Stöckchen oder One hundred papercranes 1/3


„Ein Blogstöckchen (kurz: Stöckchen) ist eine Aktion mit dem Ziel Blogs und Blogger besser miteinander zu vernetzen, und dabei ein bestimmtes Thema gemeinsam zu bearbeiten“

Ja, die Sache mit den Stöckchen… Ich blogge ja noch nicht allzu lang, hab aber inzwischen begriffen, dass sich (bezogen auf die Stöckchen) die große Bloggerwelt in 2 Lager aufteilt:

– einmal die, die mitmachen weil sie Spaß dran haben oder aber einfach Aufmerksamkeit für sich und ihren Blog suchen.

– und dann die, die nicht mitmachen weil sie entweder schon genug Leser haben oder aber ihren Blog als große „Künstlerplattform“ ansehen, auf der solche Stöckchen nichts, aber auch gar nichts zu suchen haben.

An dieser Stelle möchte ich kurz klarstellen: Ich verurteile keine der genannten Ansichten. Ich hab auch jede der Ansichten mit Sicherheit irgendwie verinnerlicht.

Das hält mich alles aber nicht im geringsten davon ab, meinen Blog immer mal wieder mit Blogvorstellungen zu füllen. Inzwischen gab es 3 ausführliche Beiträge dazu (Paleica, Jana Götze und Taytom). Ich mach das nicht einfach so und auch nicht um eine Gegenvorstellung zu erhaschen. Es geht mir einzig und allein darum, die Kunst und die Arbeit der „auserwählten“ zu würdigen. Auf meine Art und Weise.

Und das macht Spaß.  Denn es sind meine Stöckchen, die mir die Freiheit lassen wen und wie ich „besser vernetzte“…

Und was wäre dieser Beitrag wert wenn ich jetzt nicht einen weiteren, sehenswerten Blog vorstellen würde…

Es geht um die wunderbare Svenja und Ihren Blog „One hundred papercranes„!

Ich muss mich jetzt mäßigen um nicht ins kolossale Schwärmen zu kommen. Es fing damit an, dass ich mal wieder den bloglovin Reader „abarbeitete“. Und so kam ich vom einen Blog zum anderen bis ich irgendwann auf Svenja’s Blog landete.

Mein erster Eindruck war: WOW! Mein zweiter: OH, das ist sicher ein „hier-haben-Stöckchen(Blogvorstellungen)-nichts-verloren-Blog“. Ich kann nicht sagen warum, es war einfach so…

Umso mehr überrascht war ich dann als ich merkte das Svenja eine sehr sympathische, offene und herzensgute Bloggerin bzw. Person ist.
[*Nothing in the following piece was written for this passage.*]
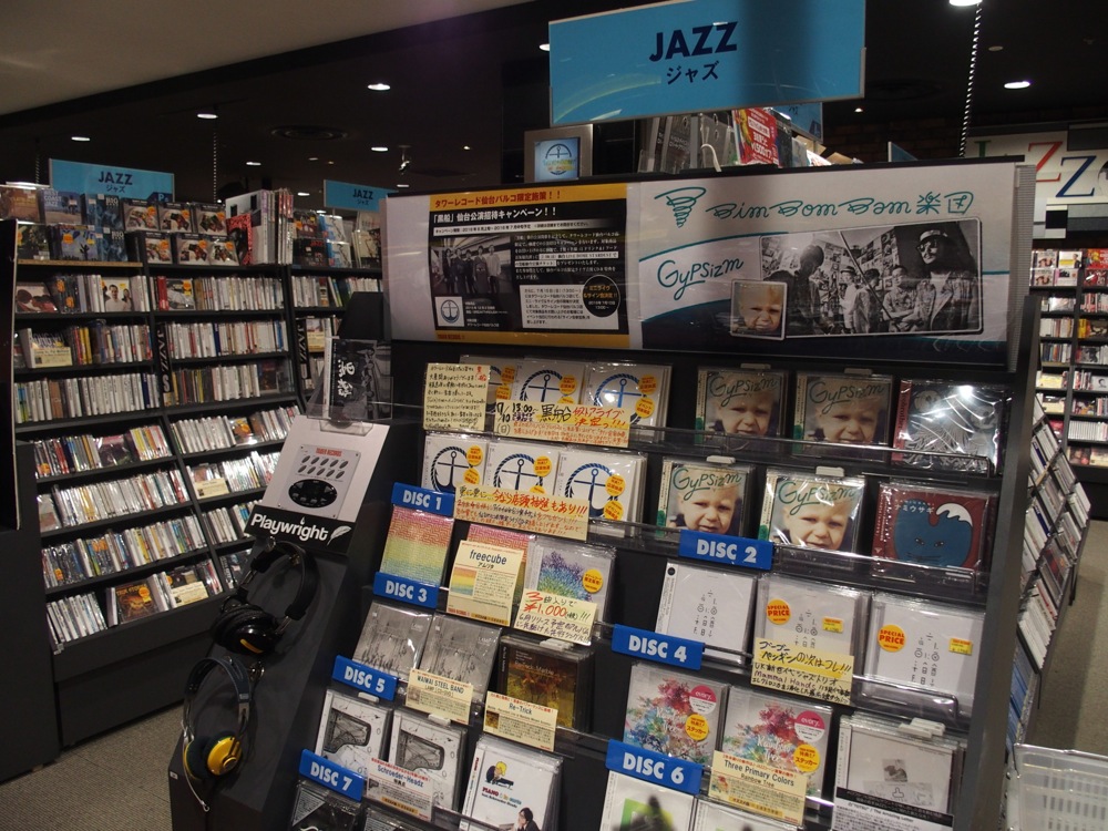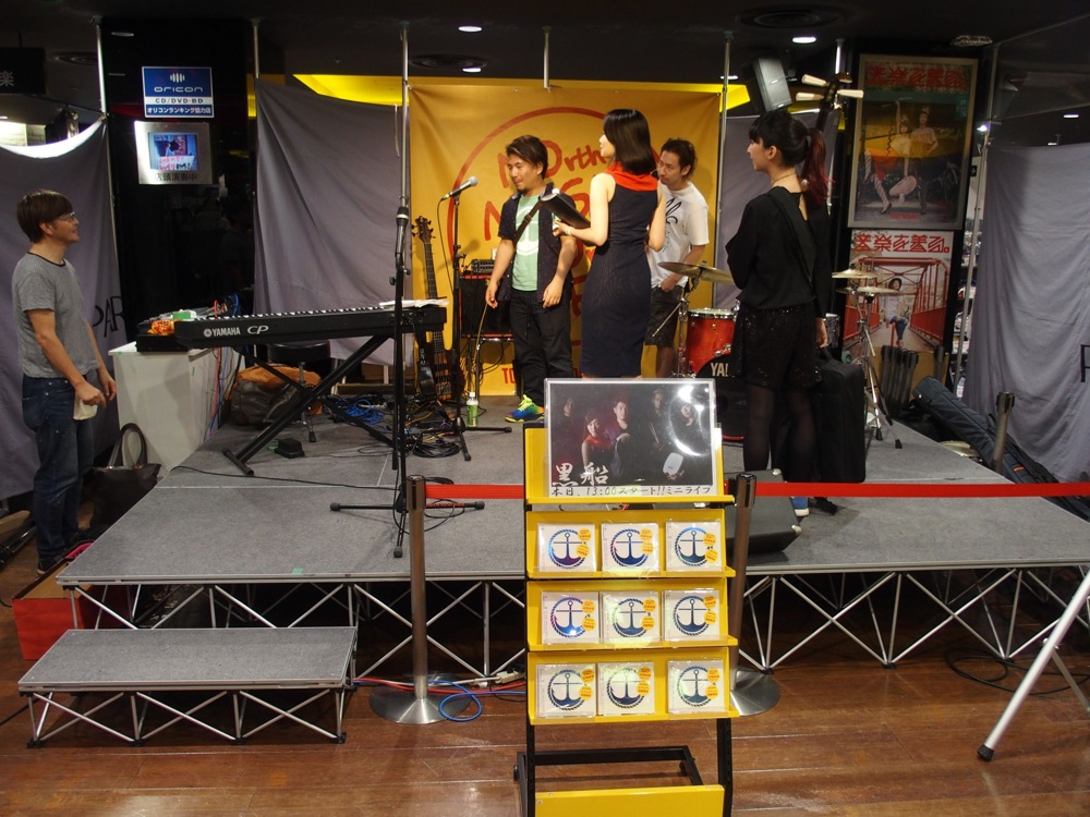 そして、非常に眠いという事を除いて、仙台には順調に到着しました。当然の事ながら、仙台に着くなり、もうインストアライブの準備です。既にお店でのステージ設置はして貰っていましたが、ここから楽器をセッティングしていかなければなりません。なかなかタイトな時間ではありましたが、売り場で展開されている黒船のCDを確認して、自分達も頑張らねば!という気持ちにさせてくれます。このライブは、夜のワンマンライブに向けたプロモーションでもあります。気合いを入れて臨みたいものです。

Und eine ausgezeichnete Fotografin, denn darum geht es ja letztendlich auch 😉

„Obwohl ich eher introvertiert bin, bin ich eine treue Seele und helfe anderen gerne.“

Ich liebe Svenja’s Art der Menschenfotografie und merke wie schmerzlich ich es selbst vermisse mit menschlichen Motiven zu arbeiten. Seit mehr als einem Jahr hatte ich dazu keine Gelegenheit mehr. Aber ich bin dran und lange wird es nicht mehr dauern…
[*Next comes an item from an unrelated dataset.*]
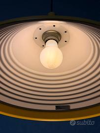 • Caratteristiche: Metallo laccato giallo all'esterno, interno bianco con la tipica fresatura concentrica "a gradini" per una diffusione ottimale e morbida della luce.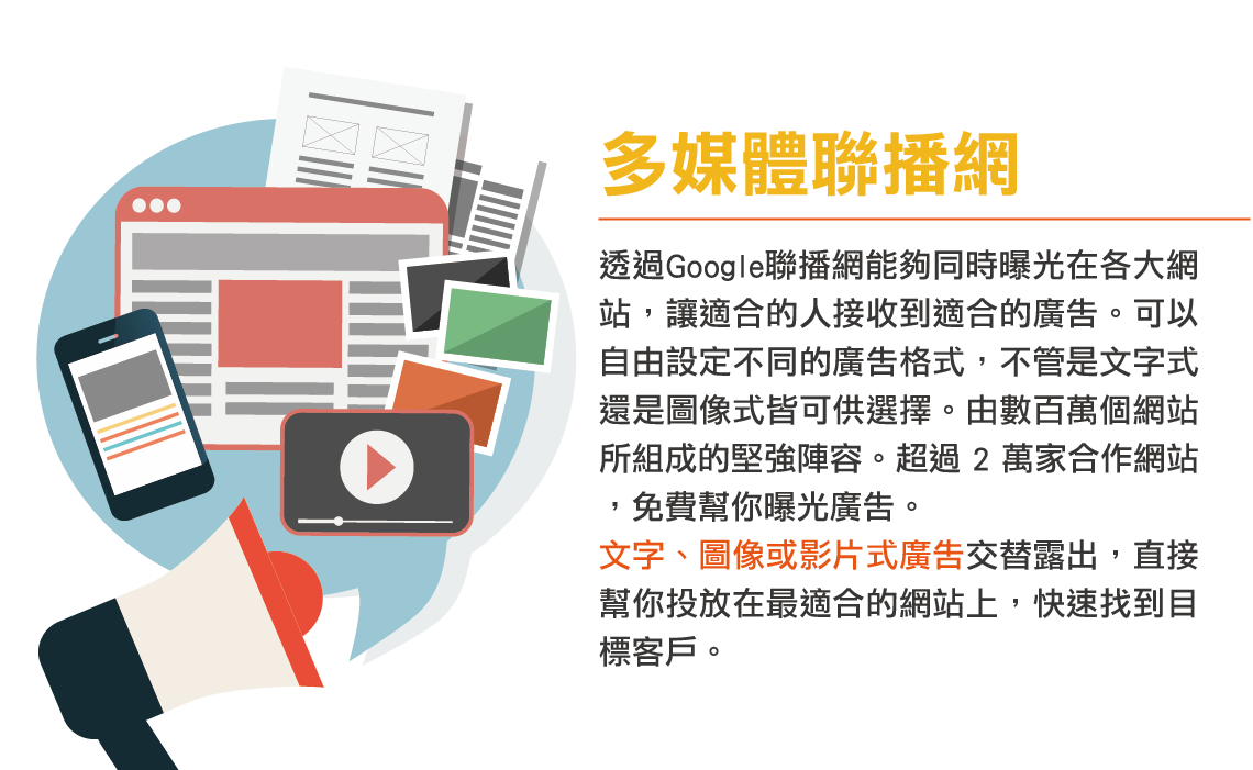 針對服務產品相關的網站,進行分類投遞,讓服務資訊與聯播網息息相關。

Auf jeden Fall sind Svenja’s Bilder in meinen Augen eine großartige Form der Kunst. So anders und so echt!

Und auch ihr hab ich einige Fragen gestellt:

1 Was fasziniert Dich am Motiv „Mensch“?

Eine gute Frage, ich versuche schon lange, sie für mich zu beantworten, aber glaube nicht, dass ich schon komplett dahinter gekommen bin. Für mich persönlich ist es durch Portraitfotografie am besten möglich, meine Emotionen auszudrücken und eine bestimmte Stimmung einzufangen. Das wollte mir bisher mit Stilleben noch nie so recht gelingen. Außerdem ist es jedes mal auf’s Neue eine Herausforderung, mit einem anderen Menschen zu interagieren, da man bei einem Shooting sehr intensiv auf den anderen eingehen muss. Dadurch habe ich schon die ein oder andere Freundschaft geschlossen oder Mädchen von einer ganz anderen Seite kennengelernt, als bisher gewohnt. Außerdem ist es natürlich ein unvergleichlich tolles Gefühl, von jemandem gesagt zu bekommen, dass er sich auf meinen Bildern gefällt und auch die ganze Familie von den Fotos beeindruckt ist. Ich freue mich, wenn andere zufrieden sind und sich durch die Fotos in einem anderen Licht sehen.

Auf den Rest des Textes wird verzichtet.